- What this task involves -
No pictures belong in the answer. Repeat all the entries exactly.

Items listed in a dataset:
►
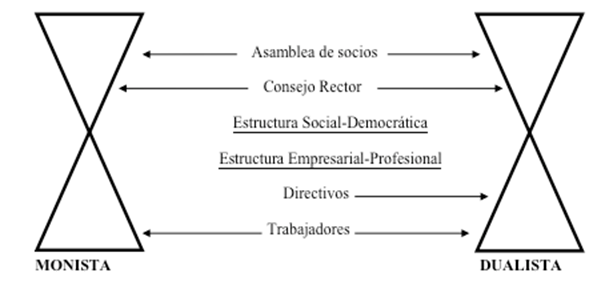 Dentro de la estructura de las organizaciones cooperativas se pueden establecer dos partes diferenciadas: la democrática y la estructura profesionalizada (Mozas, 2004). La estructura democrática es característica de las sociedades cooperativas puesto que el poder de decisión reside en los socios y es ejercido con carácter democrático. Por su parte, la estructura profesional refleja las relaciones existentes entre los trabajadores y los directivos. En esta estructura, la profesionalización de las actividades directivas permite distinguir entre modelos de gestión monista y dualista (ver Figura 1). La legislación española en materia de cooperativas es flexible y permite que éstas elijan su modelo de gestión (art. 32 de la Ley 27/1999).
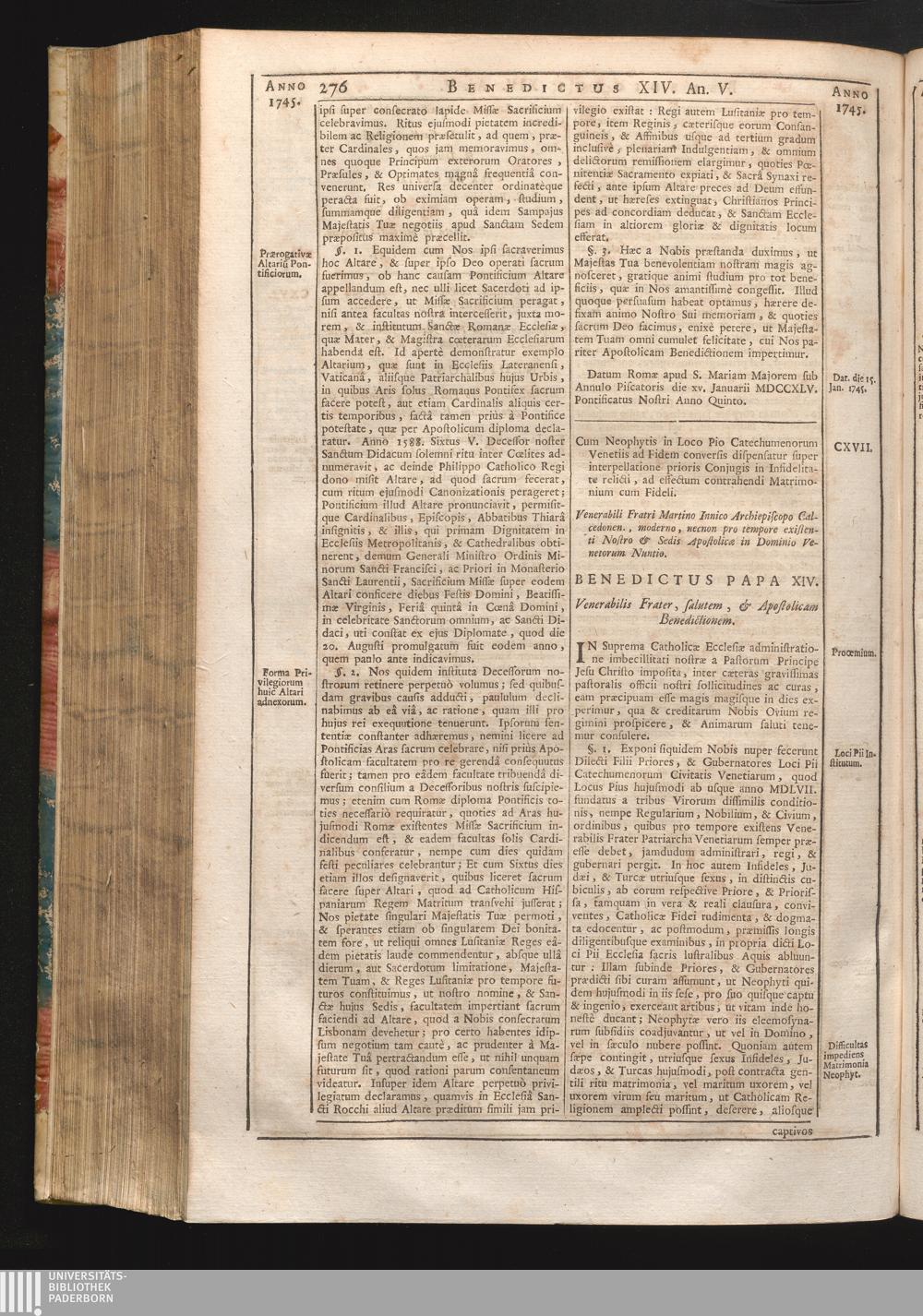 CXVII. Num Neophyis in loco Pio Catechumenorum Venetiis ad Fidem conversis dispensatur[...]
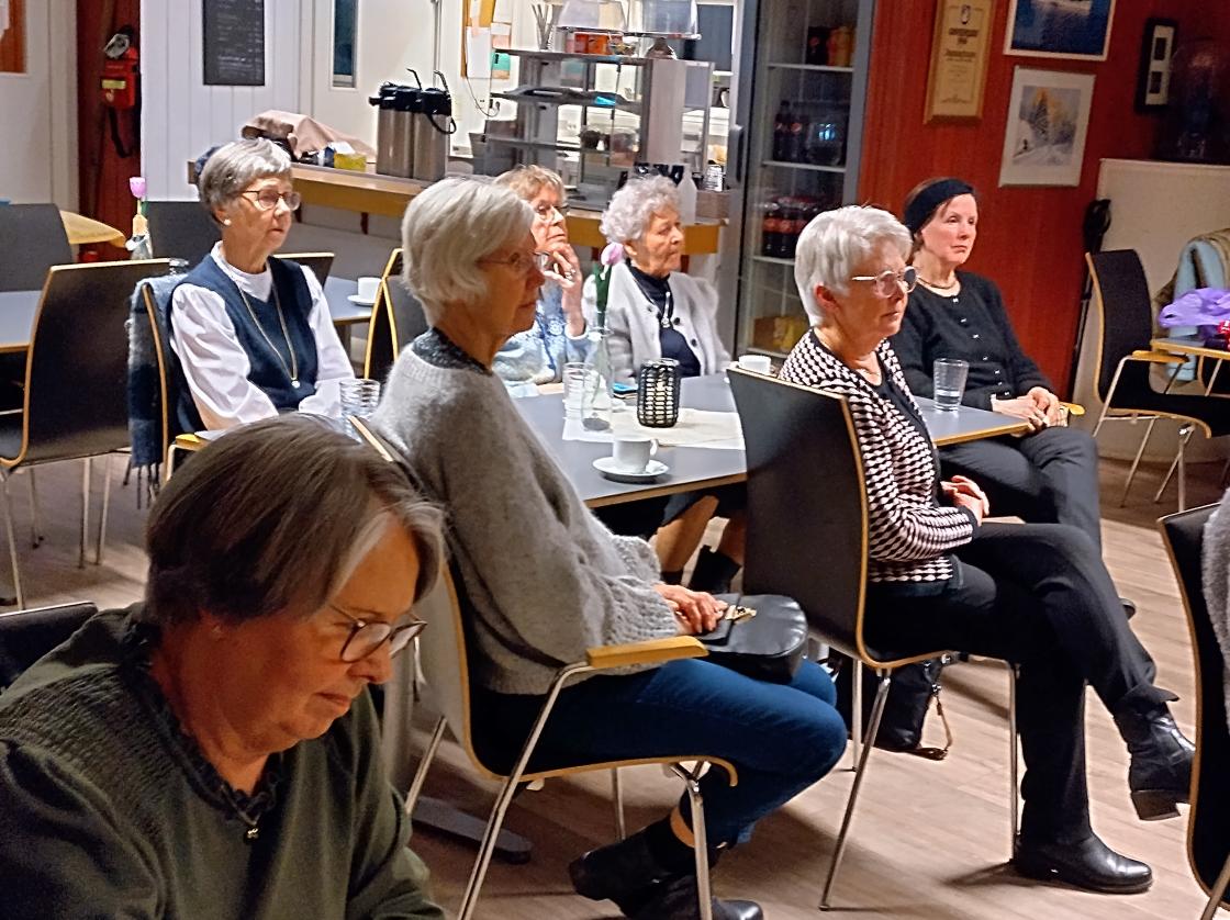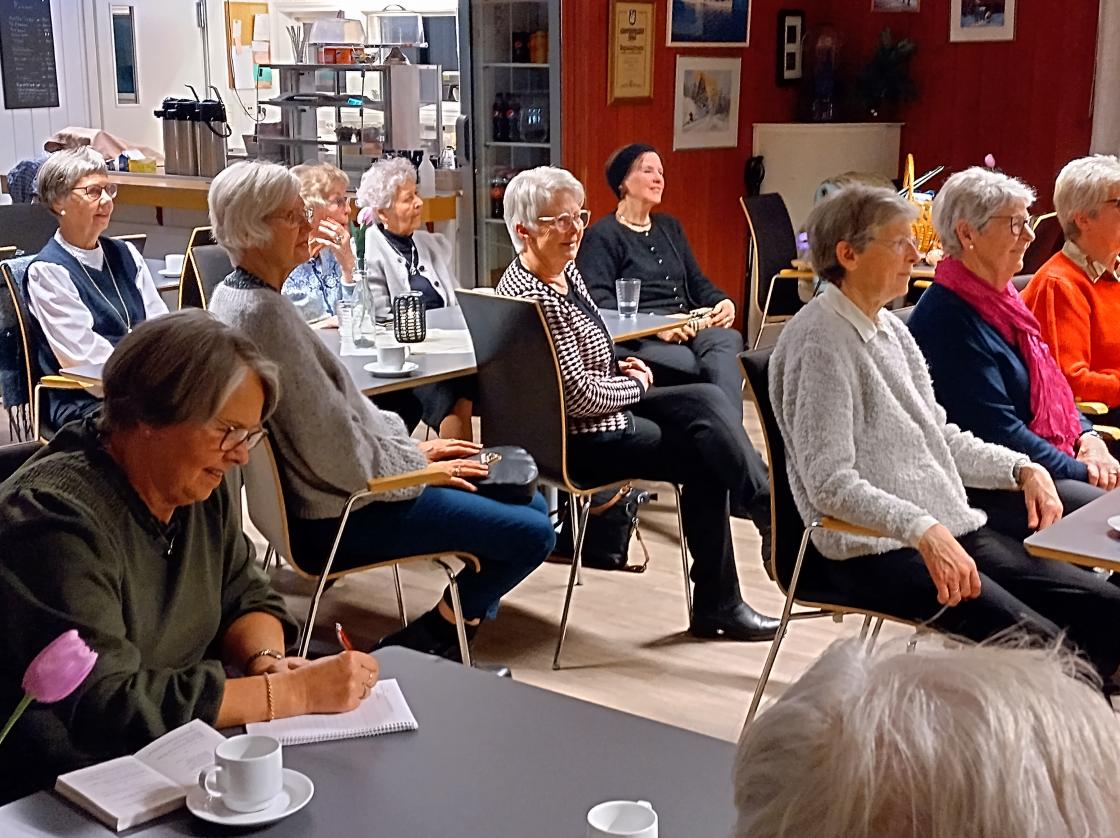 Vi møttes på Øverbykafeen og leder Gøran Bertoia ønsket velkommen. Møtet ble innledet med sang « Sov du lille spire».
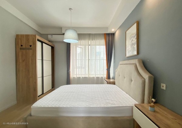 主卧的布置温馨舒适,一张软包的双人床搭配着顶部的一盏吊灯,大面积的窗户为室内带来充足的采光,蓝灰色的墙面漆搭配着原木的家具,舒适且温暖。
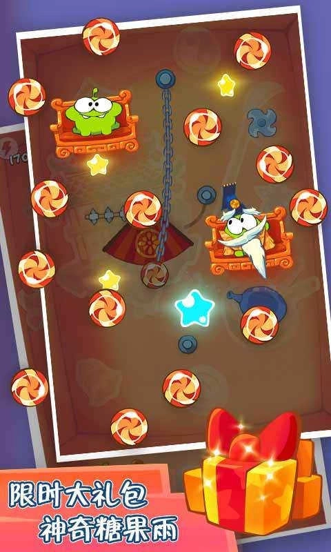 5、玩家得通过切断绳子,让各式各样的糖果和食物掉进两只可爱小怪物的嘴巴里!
◄
- Finished exercise -
 Dentro de la estructura de las organizaciones cooperativas se pueden establecer dos partes diferenciadas: la democrática y la estructura profesionalizada (Mozas, 2004). La estructura democrática es característica de las sociedades cooperativas puesto que el poder de decisión reside en los socios y es ejercido con carácter democrático. Por su parte, la estructura profesional refleja las relaciones existentes entre los trabajadores y los directivos. En esta estructura, la profesionalización de las actividades directivas permite distinguir entre modelos de gestión monista y dualista (ver Figura 1). La legislación española en materia de cooperativas es flexible y permite que éstas elijan su modelo de gestión (art. 32 de la Ley 27/1999).
 CXVII. Num Neophyis in loco Pio Catechumenorum Venetiis ad Fidem conversis dispensatur[...]
 Vi møttes på Øverbykafeen og leder Gøran Bertoia ønsket velkommen. Møtet ble innledet med sang « Sov du lille spire».
 主卧的布置温馨舒适,一张软包的双人床搭配着顶部的一盏吊灯,大面积的窗户为室内带来充足的采光,蓝灰色的墙面漆搭配着原木的家具,舒适且温暖。
 5、玩家得通过切断绳子,让各式各样的糖果和食物掉进两只可爱小怪物的嘴巴里!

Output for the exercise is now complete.